Starting with Ruby and GDELT

GDELT, or Global Data on Events, Location and Tone, is a big, free database, updated daily, that claims to monitor "the world's broadcast, print, and web news from nearly every corner of every country in over 100 languages" and identify "the people, locations, organizations, counts, themes, sources, and events driving our global society every second of every day." It's gotten some media attention in the last few years, as well as criticism. Many objections point out that GDELT presents itself, and is often used, as a comprehensive database of events, rather than media coverage of those events.

GDELT servers intake hundreds of thousands of news reports and use natural language processing to identify discrete "events." If GDELT's algorithms determine that another article references the same event, it's added to the same entry in the database; each entry records how many times the event has been mentioned in world media. A particularly newsworthy event might have dozens of media mentions, but would still occupy just a single entry in the GDELT database. Likewise, a single news story is likely to yield multiple events.

No doubt, GDELT's algorithms are sophisticated, but tapping this database means you're trusting a computer to distinguish between one event and the next, code it as a "protest," "meeting," "missile strike," etc., and geocode it meaningfully. Plus, as lots of people pointed out with reference to 538's notorious kidnapping analysis, it's pretty naïve to assume that news coverage accurately mirrors events on the ground.
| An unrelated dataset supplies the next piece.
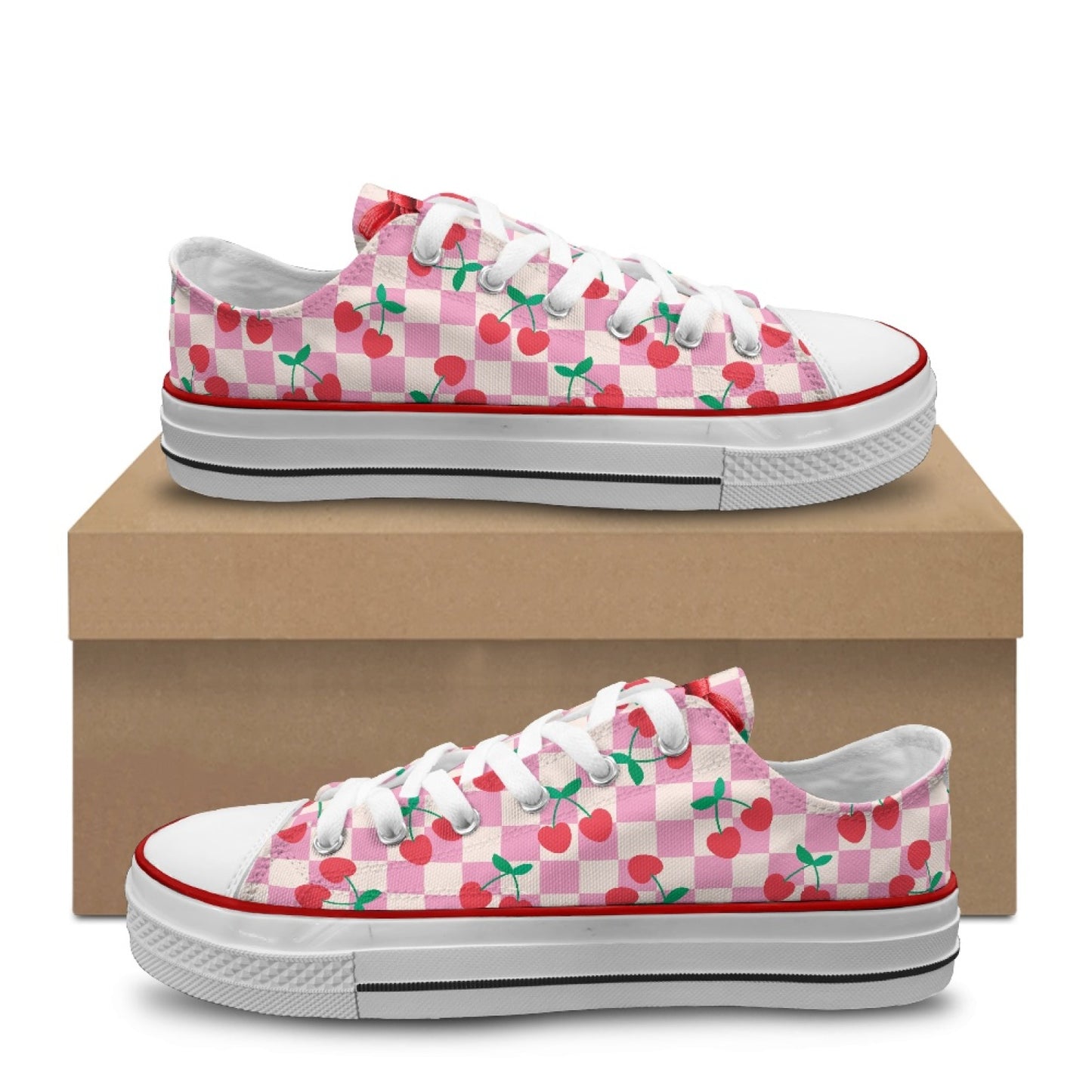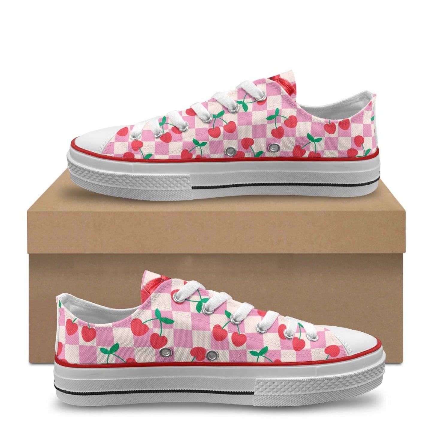 Cherry Gingham Retro Low-Top Canvas Sneakers

All those caveats notwithstanding, GDELT does seem like a good source for tracking how events are covered in global media, rather than events themselves. Given its scale, GDELT could do well for media analysis. Everything below is an initial attempt at using GDELT data for this purpose -- plus a chance to practice some Ruby.

I downloaded data for July 29, 2014 from the GDELT site, a TSV file with nearly 150,000 entries. I added column headers at the top so I'd be able to query different rows by name rather than position. Then I used Ruby's CSV class to import the file. (GDELT files have a .csv extension, despite being TSV files.)

require "csv"
parsed_file = CSV.read("20140729.export.CSV", { col_sep: "\t", headers:true, header_converters: :symbol })

GDELT codes events according to the CAMEO (Conflict and Mediation Event Observations) system, allowing users to, say, pull out all the protests that occurred within a particular date range. (GDELT events are also geocoded, allowing researchers to produce maps like this.) As an experiment, I designated all the codes between 15 ("exhibit force posture") and 20 ("use unconventional mass violence") as "violent" events, and tallied the number of mentions GDELT recorded for each event taking place in relation to Israel.

country = "IS" #"IS" = "Israel"
mentions = 0
violent_events = []

def violent_coding?(row, country)
  if (row[:eventrootcode] == "15" || row[:eventrootcode] == "16" || row[:eventrootcode] == "17" || row[:eventrootcode] == "18" || row[:eventrootcode] == "19" || row[:eventrootcode] == "20") && (row[:actiongeo_countrycode] == country)
    return true
  else
    return false
  end
end 

parsed_file.each do |row|
  if violent_coding?(row, country)
    mentions += row[:nummentions].to_i
    violent_events << "#{row[:actor1geo_lat]}, #{row[:actor1geo_long]}, #{row[:sourceurl]}" unless violent_events.include? "#{row[:actor1geo_lat]}, #{row[:actor1geo_long]}, #{row[:sourceurl]}"
  end
end

This yielded a number for total mentions (49,190) and, as a further experiment, a list of unique latitude/longitude values and article URLs that could be mapped very easily. Changing nummentions to numarticles produces a count of "source documents containing one or more mentions" of each event: 48,354. Again, this is the number of articles mentioning "violent" events taking place with relation to Israel on July 29, 2014, according to GDELT.

I ran the nummentions "violence" count on a few other conflicts and came up with the following numbers.

Nothing surprising here, except possibly that GDELT recorded more coverage of "violent" events in Afghanistan than in Syria.

If you do actually map these GDELT entries, you'll find that these aren't events taking place "in" so much as "relating to" each country. For example, GDELT recorded this article, geocoded to Somalia, as having an "ActionGeo_CountryCode" of "IS," for Israel. But this isn't important if you're simply using GDELT to gauge global media coverage.

Next, I'd like to graph these numbers for a longer period of time against casualty estimates for each conflict -- assuming I can find some reliable numbers.